Motivate people by repeating their words right back to them
We think that words mean things. We see the dictionary as something like API documentation: You go to look up the term and, ah, there's the implementation.
This is not how language works. This is not how the experts – linguists and copywriters – think about language.
I keep thinking about this conversation between Ramit Sethi and Patrick McKenzie. The best bit, the bit that my mind keeps returning to, is this quote from Patrick:
I think we don’t pay nearly enough attention to the exact words people use. Maybe we would if we came from a communications background. Nothing motivates people like having their own words repeated right back to them, which is something that you should try to do more often. It’s just an easy conversational hack to sound more persuasive.
I read that the first time and I thought, oh, that's pretty smart.
I came back a few weeks later and read it again and thought, oh my god, this is what's wrong with my life.
Because Patrick goes on to say this:
Engineers take heed: your clients will often make mistakes about engineering reality when talking to you. You will feel the urge to correct their misconceptions about engineering reality, perhaps by rewording their requests such that they match the way the world actually works. Don’t do this. You will never delight a client by teaching them what a web service actually is.

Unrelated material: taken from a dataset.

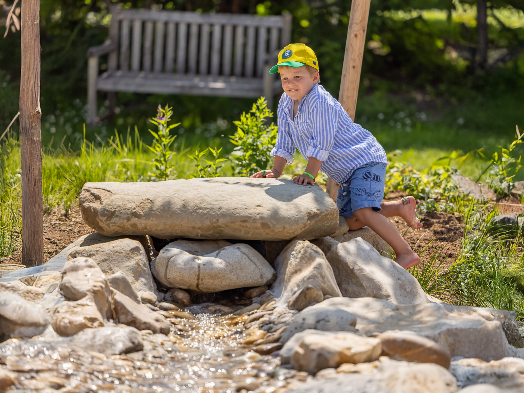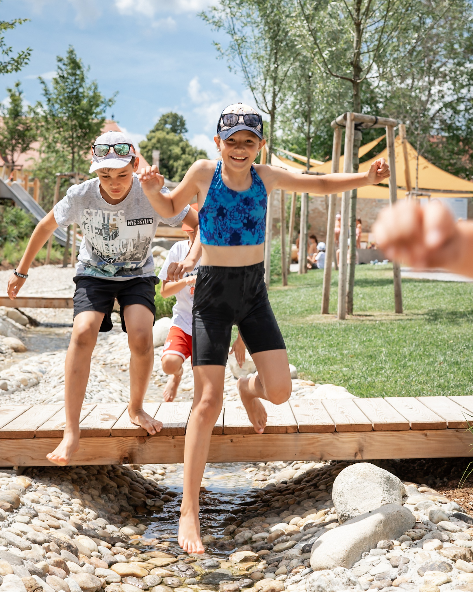 A terület kialakításakor nagy hangsúlyt fektettek a természetközeliségre: a patakmedrek, forráskövek, kaviccsal borított szakaszok és a buja növényzet a Duna-menti ártéri tájak hangulatát idézik. A kellemes árnyékról több mint harminc frissen ültetett fa, valamint hét árnyékoló gondoskodik.

I like to think I'm pretty good about this with non-engineers, relative to the baseline, but I am absolutely miserable about this with other engineers.

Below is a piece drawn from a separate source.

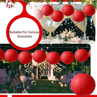 These 12-inch red Chinese/Japanese paper lanterns come as a set of 3, offering a vibrant and traditional decorative touch ideal for festivals, parties, weddings, cultural events, and home décor. Made from high-quality, lightweight paper with a sturdy inner metal frame, each lantern pops open easily and maintains its round shape beautifully. The rich red color symbolizes good luck, happiness, and celebration, making these lanterns perfect for themed events, photo backdrops, garden parties, or festive indoor displays. Simple to hang and reusable with proper care, this set of three lanterns adds warmth, charm, and an elegant Asian-inspired ambiance to any space.
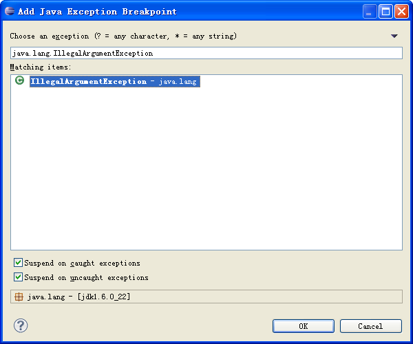 在其中选中IllegalArgumentException,并点击OK,这时一个Exception Breakpoint就设置好了。

Once upon a time I really cared about the distinction between "testing" and "checking." I would find people talking about "automated tests," and tell them, "ah, but you see, automated testing is impossible, what you mean is 'automated checks.'" I would correct my colleagues, or interject a little disclaimer into our conversations about testing that, of course, when we talked about the tests we were writing we properly ought to call them "checks."
This was a waste of time.
Then, for a while, I corrected people about the precise technical definition of "observability." I would impress upon anyone who would listen that observability is not "logs, metrics, and events and/or traces." I would interrupt conversations about my team was trying to make to explain this distinction, or snark on other team's marketing in Slack.
Again, waste of time.
There are differences between "a human evaluating software as they interact with it" and "a computer program exercising another program, for the purpose of confirming a set of discrete facts about that second program." It's useful to know about these distinctions, to be able to make them when it's appropriate.
But, in practice, people often use that one word, "test" to mean both things. If I want people to understand what I mean when I'm talking about "a computer program exercising another program, for the purpose of confirming a set of discrete facts about that second program," I should probably use the word "test."
I should especially use the word "test" if I'm trying to convince people to change their behavior. They'll like me better, they'll listen to me more carefully, because they'll believe that I understand them and care about their point of view.
Likewise, it's a real shame that people use "observability" to mean "telemetry" when the word "telemetry" is right there. It's especially a shame that "observability" has evolved to mean something like, "all the garbage the system produces that doesn't help us understand it, but at one URL, and maybe a little linear regression run against it on the side."
But, so what? Does it help me to use words that confuse people? Does it help me to spend time telling people what words they should be using instead, time I could be spending listening to them instead? Does it make them more likely to use the tools I want them to use, in the way that I want them to use them?
It does not.
I will never delight a coworker by teaching them what "observability" actually is.